*TASK TO CARRY OUT:* Starting at the line that contains "可爱卡通黄油小熊亚克力水滴樱桃猫咪苹果贴片diy发夹头饰洞洞鞋", retype each line to the end of the listing below. Include both ends, but not the pictures.

*DATASET EXCERPT:*
- Opening Delimiter -

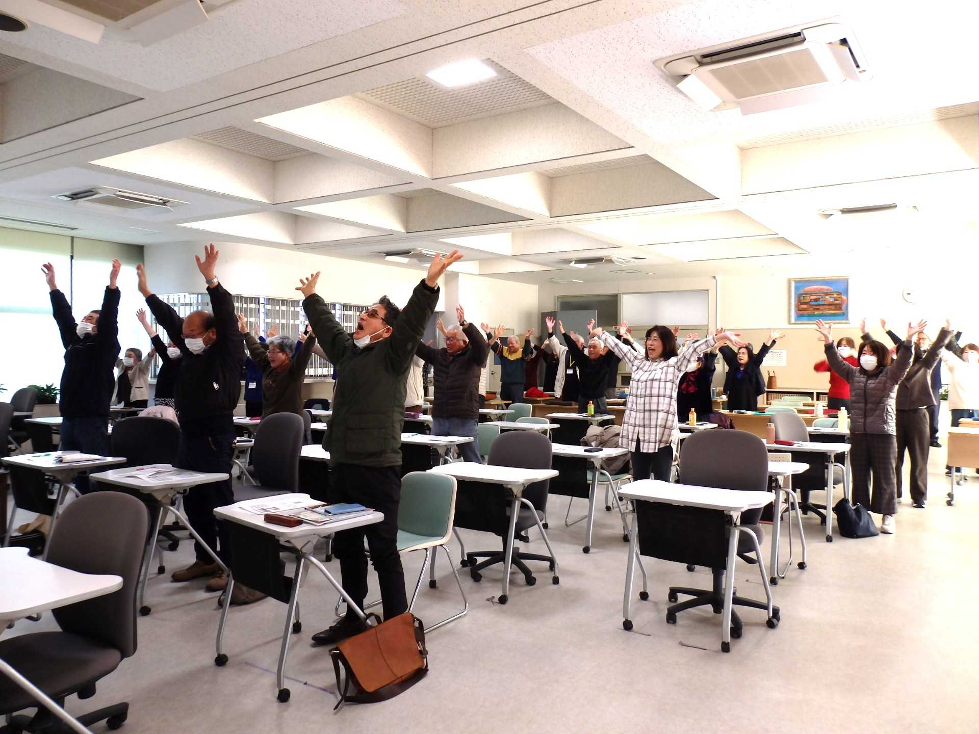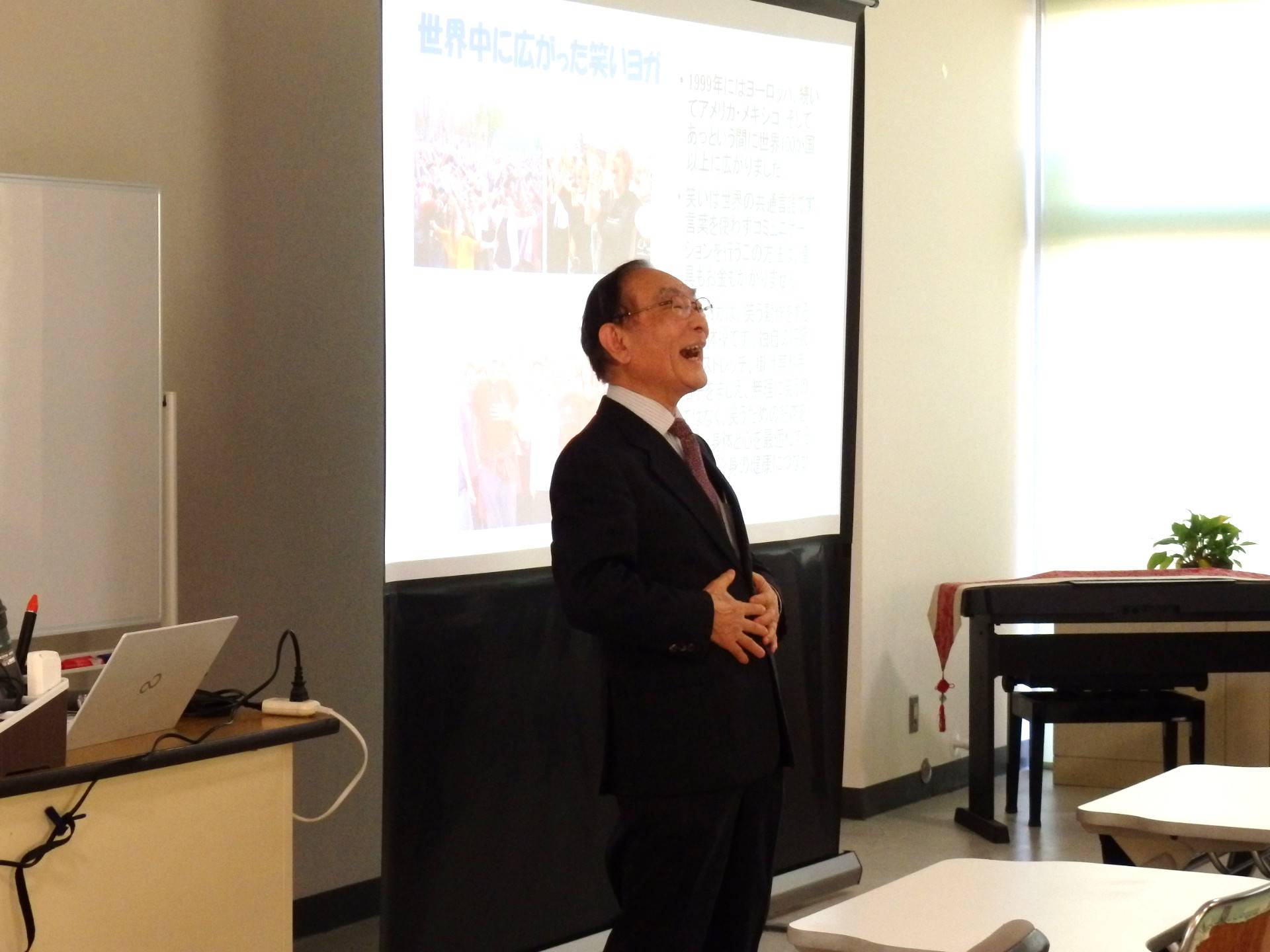 先生の講義を聞いた後は、先生のお手本をみて、みんなで元気に笑いヨガをしましたよ~
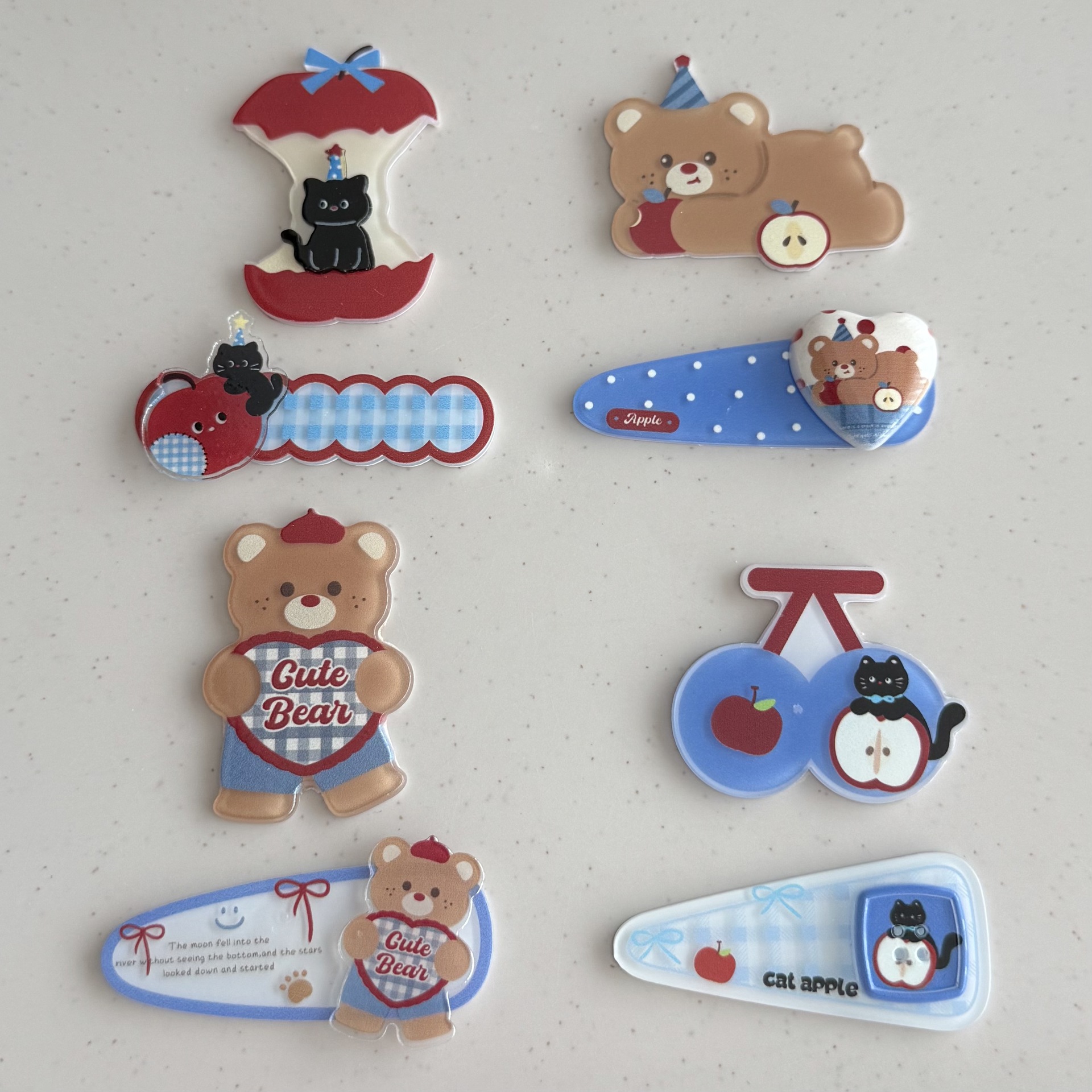 可爱卡通黄油小熊亚克力水滴樱桃猫咪苹果贴片diy发夹头饰洞洞鞋
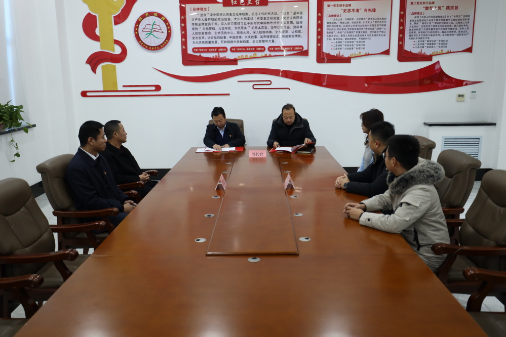 仪式现场,李志有与陈存喜代表双方签署党建共建与志愿服务合作协议,并共同为“党建共建基地”“志愿服务实践基地”揭牌。双方明确以“组织共建、资源共享、活动共办、人才共育”为原则,计划通过联合开展主题党日、红色文化研学、档案志愿服务等特色活动,构建“党建+红色教育”融合发展新模式。

- Closing Delimiter -

*TASK RESULT:*
 可爱卡通黄油小熊亚克力水滴樱桃猫咪苹果贴片diy发夹头饰洞洞鞋
 仪式现场,李志有与陈存喜代表双方签署党建共建与志愿服务合作协议,并共同为“党建共建基地”“志愿服务实践基地”揭牌。双方明确以“组织共建、资源共享、活动共办、人才共育”为原则,计划通过联合开展主题党日、红色文化研学、档案志愿服务等特色活动,构建“党建+红色教育”融合发展新模式。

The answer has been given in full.